Last of 2 parts
WITH the fast approaching 49th anniversary of the proclamation of martial law, discussion is again rife about the need for more strongman rule. And because of the coming elections, the stakes are high. People talk about what kind of leaders we should elect. In the previous first part of this column, I posited that to have an idea of a Filipino brand of leadership, we can go back to the leader of our ancestors - the datu. But didn't the autocrats already use this template to justify their one-man rule? This stems from the perception that the datu is an absolute ruler who also automatically passes his authority on to his kin.
Having asked about what the model Filipino leader should be, I realized that to be a datu one must be the most skilled warrior, or "bagani," in the group. He has proven himself in battle and his victories are written in his body as batek, or tattoos, hence "batikan" (which is a Filipino term used today for anyone who is skillful). Their tattoos also served as their protection or anting-anting to maintain their kabutihang-loob.
But if the datu is the most skilled bagani, then as a bagani he was also the bayan's number one public servant. Linguistically, bagani is connected to the Tagalog word "bayani" and the Javanese "wani." Wani is an old term which means helping through one's skill in the fixing (pagsasaayos) of the whole society or of any task, to help with compassion (malasakit) without expecting anything in return. That is why our government workers are called "kawani."

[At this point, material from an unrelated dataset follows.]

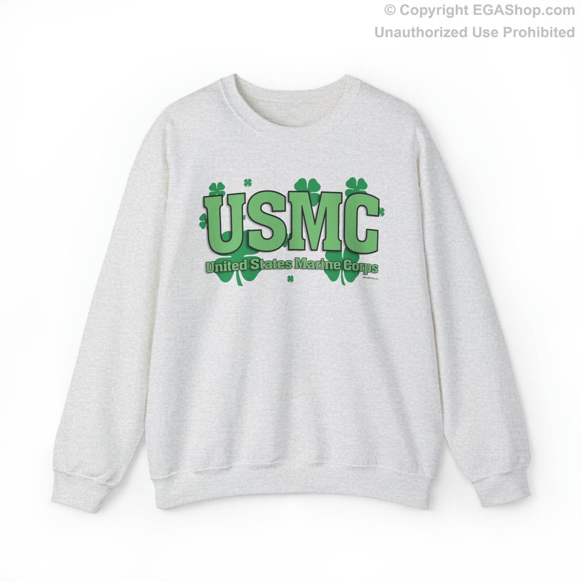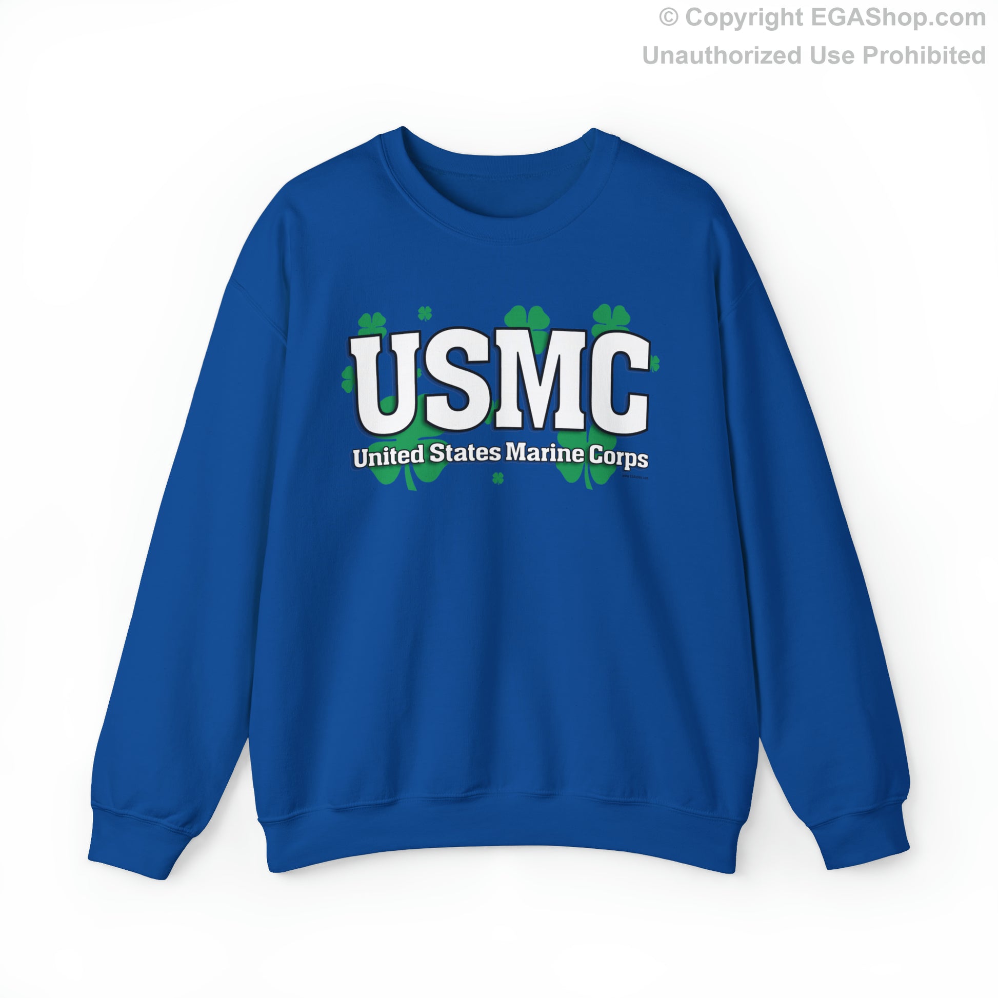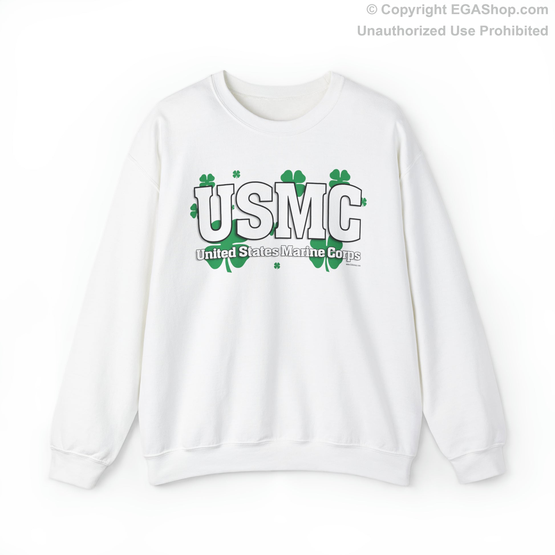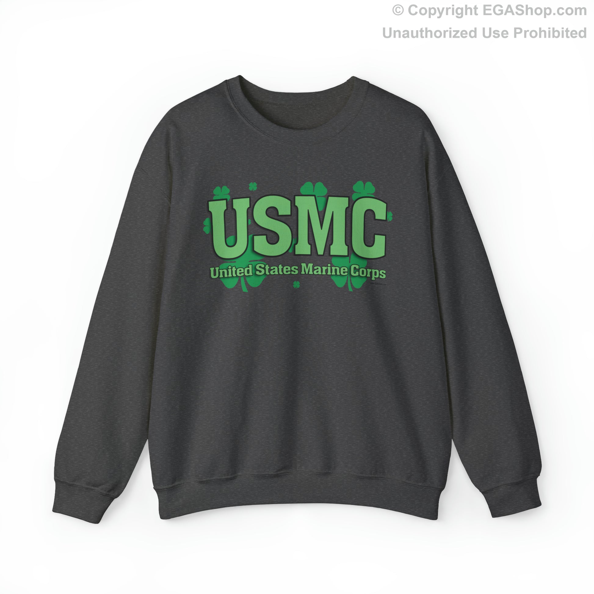 Get your green on! St. Patrick's Day is around the corner, and our sweatshirt assures you're in the green and showing pride in your Marine! The front of the sweatshirt includes USMC and United States Marine Corps, plus a scattering of shamrocks (four leaves for good luck!).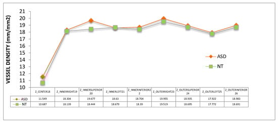 Vessel density of the nine subfields of the macular ETDRS grid. ASD = autism spectrum disorder group; NT = neurotypical group. Mean values were indicated for each group. No significant differences were detected between groups (Mann–Whitney U test).

In the Bagobo ethnic group in Mindanao, the anthropologist E. Arsenio Manuel described the bagani as someone who "does not serve, however, under any particular official or villager. His services are available to any citizen, lowly, or high, poor or rich, blood kin or not. He cannot refuse to perform his office if approached..."
If this is the character a bagani must have, and the datu is the most skilled defender of them all, then the datu should never be seen as someone enriching himself or someone who furthers his selfish interests but dedicates himself to the service of others. So instead of calling it "datu" leadership, I would like to call it "pamumunong bagani," to remind people that to be just a leader is not enough, one must also be heroic.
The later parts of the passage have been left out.